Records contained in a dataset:
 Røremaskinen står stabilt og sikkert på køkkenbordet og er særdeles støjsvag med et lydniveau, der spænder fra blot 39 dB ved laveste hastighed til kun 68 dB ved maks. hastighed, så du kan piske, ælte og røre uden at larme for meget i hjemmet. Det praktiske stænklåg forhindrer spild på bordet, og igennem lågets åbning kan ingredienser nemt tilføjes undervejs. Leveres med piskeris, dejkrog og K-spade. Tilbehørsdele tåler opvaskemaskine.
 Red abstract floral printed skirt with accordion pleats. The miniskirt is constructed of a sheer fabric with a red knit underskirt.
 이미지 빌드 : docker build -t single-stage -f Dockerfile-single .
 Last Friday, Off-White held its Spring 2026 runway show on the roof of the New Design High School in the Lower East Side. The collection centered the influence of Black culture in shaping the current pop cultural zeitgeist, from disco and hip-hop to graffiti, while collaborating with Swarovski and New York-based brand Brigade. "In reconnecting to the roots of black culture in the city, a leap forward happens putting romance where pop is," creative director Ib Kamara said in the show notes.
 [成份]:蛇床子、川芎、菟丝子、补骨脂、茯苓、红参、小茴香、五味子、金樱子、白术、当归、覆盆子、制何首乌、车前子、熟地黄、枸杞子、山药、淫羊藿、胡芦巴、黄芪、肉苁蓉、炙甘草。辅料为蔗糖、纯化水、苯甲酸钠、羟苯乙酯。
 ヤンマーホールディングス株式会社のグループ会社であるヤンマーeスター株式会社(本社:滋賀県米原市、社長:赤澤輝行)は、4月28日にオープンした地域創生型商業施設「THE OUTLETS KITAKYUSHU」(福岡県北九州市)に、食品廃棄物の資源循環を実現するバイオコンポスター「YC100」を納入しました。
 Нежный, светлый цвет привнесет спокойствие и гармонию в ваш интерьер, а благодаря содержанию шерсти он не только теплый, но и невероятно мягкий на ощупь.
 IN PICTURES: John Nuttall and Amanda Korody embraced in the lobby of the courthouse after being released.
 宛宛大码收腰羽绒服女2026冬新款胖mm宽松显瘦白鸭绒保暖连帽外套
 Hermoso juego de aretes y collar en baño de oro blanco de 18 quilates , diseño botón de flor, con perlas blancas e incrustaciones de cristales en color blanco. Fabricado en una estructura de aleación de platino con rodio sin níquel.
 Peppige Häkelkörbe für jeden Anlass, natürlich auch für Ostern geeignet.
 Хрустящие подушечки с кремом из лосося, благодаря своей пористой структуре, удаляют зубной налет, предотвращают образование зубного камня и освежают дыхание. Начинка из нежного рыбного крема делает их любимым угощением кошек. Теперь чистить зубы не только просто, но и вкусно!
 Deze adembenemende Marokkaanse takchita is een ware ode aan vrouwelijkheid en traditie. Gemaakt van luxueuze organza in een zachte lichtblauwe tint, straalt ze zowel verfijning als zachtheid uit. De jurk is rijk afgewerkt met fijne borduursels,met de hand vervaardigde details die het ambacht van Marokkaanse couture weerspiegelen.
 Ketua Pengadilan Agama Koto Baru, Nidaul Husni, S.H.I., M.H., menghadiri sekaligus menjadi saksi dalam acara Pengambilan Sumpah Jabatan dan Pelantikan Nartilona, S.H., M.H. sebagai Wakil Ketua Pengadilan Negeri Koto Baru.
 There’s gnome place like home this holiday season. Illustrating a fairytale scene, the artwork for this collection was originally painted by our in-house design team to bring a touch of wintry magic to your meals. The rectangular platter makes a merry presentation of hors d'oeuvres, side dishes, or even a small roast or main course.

Exercise:
Retype the records above exactly, from their first line through the line that contains "이미지 빌드 : docker", and stop there.

Answer for this exercise:
 Røremaskinen står stabilt og sikkert på køkkenbordet og er særdeles støjsvag med et lydniveau, der spænder fra blot 39 dB ved laveste hastighed til kun 68 dB ved maks. hastighed, så du kan piske, ælte og røre uden at larme for meget i hjemmet. Det praktiske stænklåg forhindrer spild på bordet, og igennem lågets åbning kan ingredienser nemt tilføjes undervejs. Leveres med piskeris, dejkrog og K-spade. Tilbehørsdele tåler opvaskemaskine.
 Red abstract floral printed skirt with accordion pleats. The miniskirt is constructed of a sheer fabric with a red knit underskirt.
 이미지 빌드 : docker build -t single-stage -f Dockerfile-single .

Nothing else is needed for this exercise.